Tuesday, December 2, 2008

Opposition Fiscal Plan: Overtax, Overspend

They're not yet in power, but they're getting ready to go on a spending spree. And where will they get the money? Don't worry that's what successful businessmen are for.
Fife reported earlier Monday that the cabinet formed under the coalition would include both Liberal and NDP ministers. The Liberals would take 18 cabinet seats, while the NDP would get six.

Fife also reported that the coalition government would introduce a $30-billion economic stimulus package and roll back $50 billion in planned corporate tax cuts.
In other words - they'll be robbing a successful businessman Peter to pay Paul, whose business is failing. Rolling back business tax cuts means raising the small business rate from 11% back to 13.12% - nearly a 20% increase. Great way to provide an economic stimulus, isn't it?

And another thing: They're looking forward to cancel $50B in tax cuts and to outlay $30B in bailouts. What happens to the rest? What are they planning to do with the $20,000,000,000 "leftovers"? Waste them on the Kyoto "carbon credit" market?

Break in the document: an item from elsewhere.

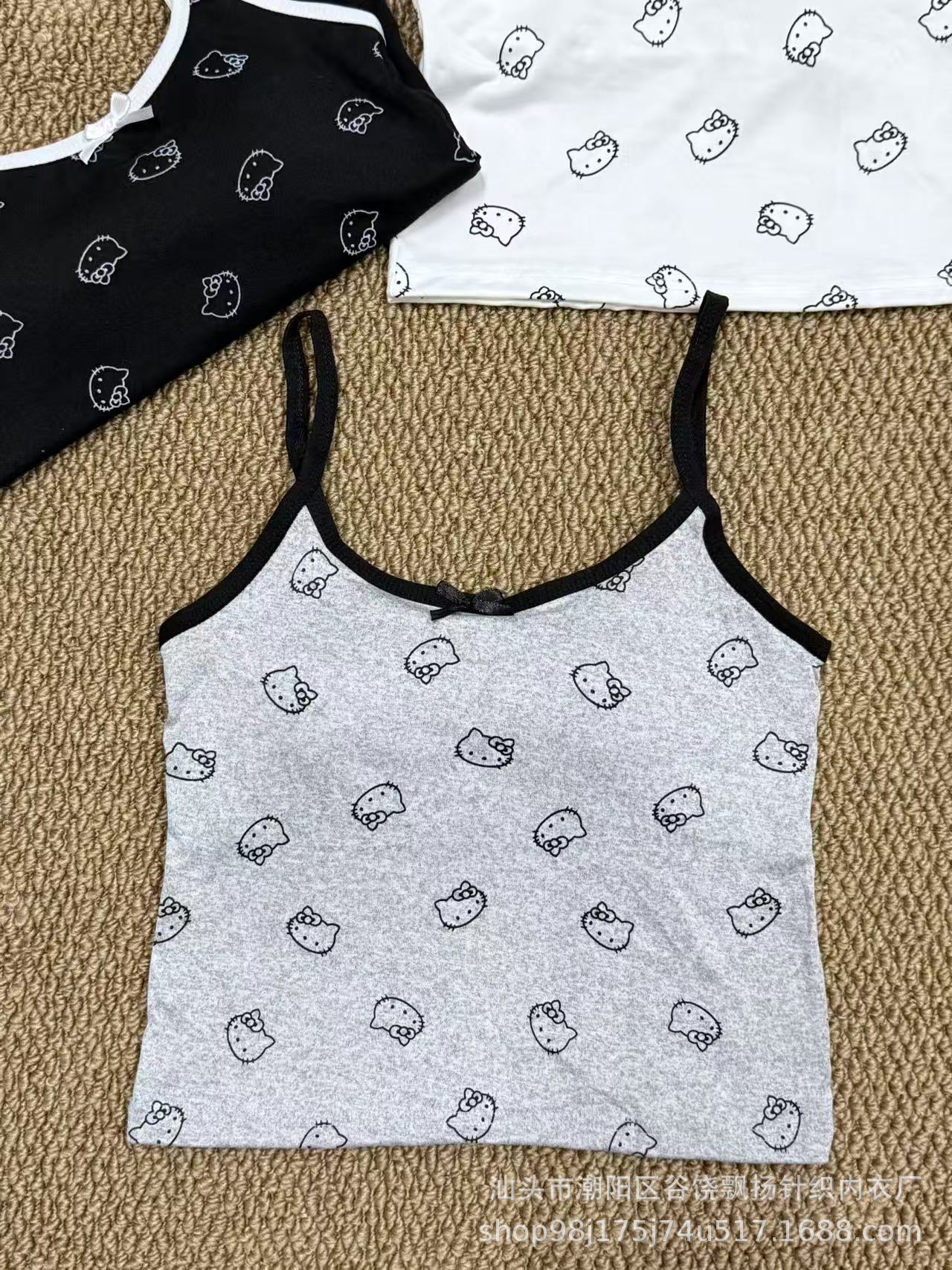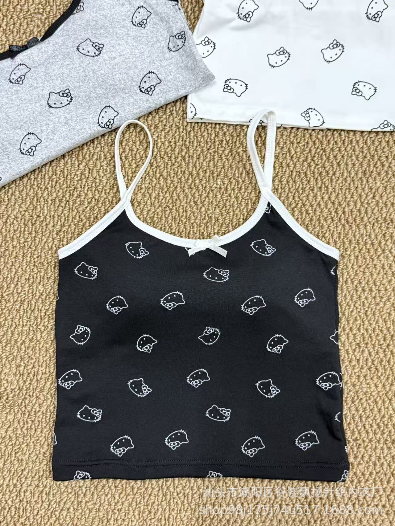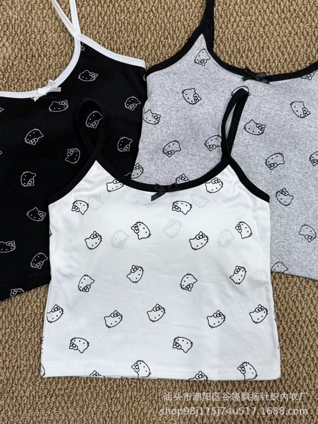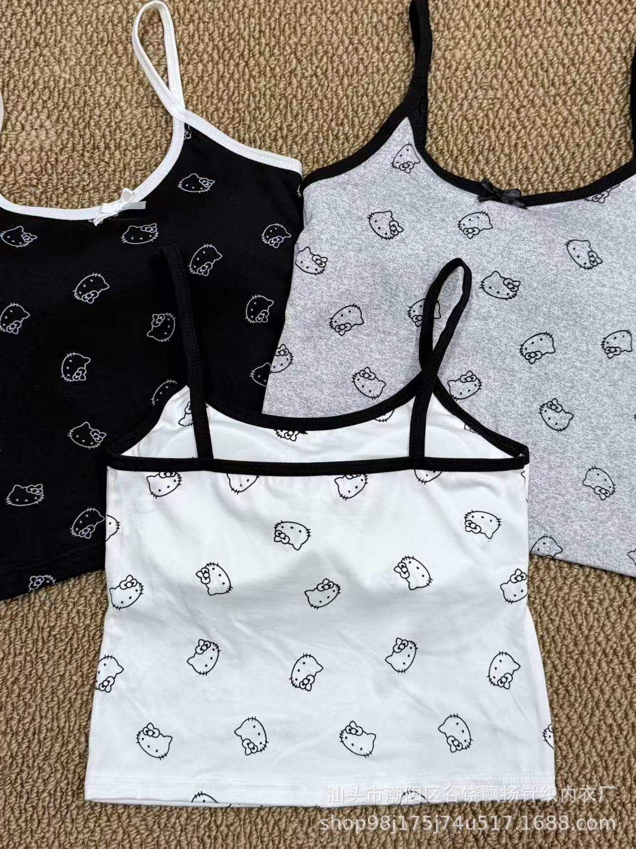 새로운 bm 스타일 일본식 달콤하고 매운 kt 만화 프린트 콘돌 스트랩 조끼 가슴 패드 아름다운 백 슬림 핏 핫 걸 탑 도매

Spend them on vote-buying and social engineering? (Handouts to special interest groups, universal McDaycare, affordable ghetto housing etc.) Or maybe they don't even count on those remaining $20B, considering the inevitable slowdown and bankruptcies resulting from their tax hike? After all, not every Mom & Pop Enterprise out there could afford to pay an extra 20% in taxes, to raise money for the bailouts...

It's been just 6 weeks since voters rejected the Liberals the NDP and the Bloc individually. If they want to gang-up to ransack the country's finances - they must leave the final say to the voters. Spending $200M on a new election is a far lesser evil than having the country's fate decided by a back-door deal.

Update: The original news release has been removed from the CTV site, but thanks to the bloggers we can still have a glimpse of what a Liberal/NDP budget would be like.

Please sign a petition to your Member of Parliament to oppose the proposed "coalition". Yes, I know it's going to be a whipped vote, so our signatures are unlikely to change anything. Still - let them know what we think about their back room deals.

Update 2: A Rally For Canada will take place in several cities across the country to protest this potential coalition, especially the fact that the NDP and Bloc had been in discussions about such an idea well before the fiscal update was presented.